Give back exactly the lines of the material below that start at the line containing "②3月1日,深圳确诊1例境外" and end at the line containing "expresó en X.", and no others.

*Records provided*:
---------------
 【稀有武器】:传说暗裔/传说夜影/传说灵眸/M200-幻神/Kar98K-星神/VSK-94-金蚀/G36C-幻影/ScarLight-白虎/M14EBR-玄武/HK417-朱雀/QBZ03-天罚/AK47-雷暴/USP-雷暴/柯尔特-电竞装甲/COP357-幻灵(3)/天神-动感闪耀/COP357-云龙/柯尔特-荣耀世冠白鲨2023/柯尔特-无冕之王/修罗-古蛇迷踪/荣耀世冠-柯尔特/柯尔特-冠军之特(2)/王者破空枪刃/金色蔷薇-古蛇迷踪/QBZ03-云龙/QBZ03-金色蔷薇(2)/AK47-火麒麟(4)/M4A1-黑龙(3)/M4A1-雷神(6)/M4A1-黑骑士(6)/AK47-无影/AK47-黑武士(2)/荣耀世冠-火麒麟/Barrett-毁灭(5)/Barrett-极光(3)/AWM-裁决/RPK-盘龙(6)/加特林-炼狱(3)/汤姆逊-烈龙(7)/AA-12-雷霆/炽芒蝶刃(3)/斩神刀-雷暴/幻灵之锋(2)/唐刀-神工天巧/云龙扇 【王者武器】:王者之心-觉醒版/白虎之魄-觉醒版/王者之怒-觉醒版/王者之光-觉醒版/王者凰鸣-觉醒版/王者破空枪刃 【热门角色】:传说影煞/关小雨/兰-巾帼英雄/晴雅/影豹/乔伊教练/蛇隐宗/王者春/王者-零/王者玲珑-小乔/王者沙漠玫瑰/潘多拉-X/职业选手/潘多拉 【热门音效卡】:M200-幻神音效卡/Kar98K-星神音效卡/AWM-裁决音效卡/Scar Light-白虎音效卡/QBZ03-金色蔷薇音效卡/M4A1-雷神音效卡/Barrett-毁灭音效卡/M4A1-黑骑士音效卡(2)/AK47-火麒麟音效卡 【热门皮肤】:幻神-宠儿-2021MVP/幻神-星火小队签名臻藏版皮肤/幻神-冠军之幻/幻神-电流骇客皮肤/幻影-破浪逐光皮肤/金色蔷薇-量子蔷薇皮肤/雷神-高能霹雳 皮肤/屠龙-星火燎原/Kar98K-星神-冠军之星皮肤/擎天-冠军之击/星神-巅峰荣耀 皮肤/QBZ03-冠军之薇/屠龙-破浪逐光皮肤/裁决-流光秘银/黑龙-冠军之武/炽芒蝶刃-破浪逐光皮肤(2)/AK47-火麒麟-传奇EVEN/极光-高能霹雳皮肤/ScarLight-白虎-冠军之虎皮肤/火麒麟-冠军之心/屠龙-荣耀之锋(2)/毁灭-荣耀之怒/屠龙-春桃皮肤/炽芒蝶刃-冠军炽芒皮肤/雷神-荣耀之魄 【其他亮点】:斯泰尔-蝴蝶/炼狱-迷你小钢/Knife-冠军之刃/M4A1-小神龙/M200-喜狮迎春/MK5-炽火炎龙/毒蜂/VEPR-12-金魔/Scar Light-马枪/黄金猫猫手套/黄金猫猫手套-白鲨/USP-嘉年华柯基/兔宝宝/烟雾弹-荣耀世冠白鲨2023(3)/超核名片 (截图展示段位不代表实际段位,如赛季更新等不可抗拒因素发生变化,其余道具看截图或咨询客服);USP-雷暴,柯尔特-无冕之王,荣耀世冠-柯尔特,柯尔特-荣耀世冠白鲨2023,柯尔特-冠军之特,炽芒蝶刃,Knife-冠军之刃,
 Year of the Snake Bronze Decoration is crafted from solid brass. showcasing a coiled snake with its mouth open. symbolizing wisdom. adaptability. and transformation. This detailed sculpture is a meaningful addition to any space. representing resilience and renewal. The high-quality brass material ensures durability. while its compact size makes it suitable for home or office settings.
---------------
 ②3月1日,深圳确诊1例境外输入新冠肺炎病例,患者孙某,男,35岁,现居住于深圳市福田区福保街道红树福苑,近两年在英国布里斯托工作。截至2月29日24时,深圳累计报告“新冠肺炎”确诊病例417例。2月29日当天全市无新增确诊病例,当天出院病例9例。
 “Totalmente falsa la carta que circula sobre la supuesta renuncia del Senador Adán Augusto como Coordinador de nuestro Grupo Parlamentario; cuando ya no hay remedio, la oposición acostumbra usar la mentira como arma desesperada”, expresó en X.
---------------
*Answer section*:
 ②3月1日,深圳确诊1例境外输入新冠肺炎病例,患者孙某,男,35岁,现居住于深圳市福田区福保街道红树福苑,近两年在英国布里斯托工作。截至2月29日24时,深圳累计报告“新冠肺炎”确诊病例417例。2月29日当天全市无新增确诊病例,当天出院病例9例。
 “Totalmente falsa la carta que circula sobre la supuesta renuncia del Senador Adán Augusto como Coordinador de nuestro Grupo Parlamentario; cuando ya no hay remedio, la oposición acostumbra usar la mentira como arma desesperada”, expresó en X.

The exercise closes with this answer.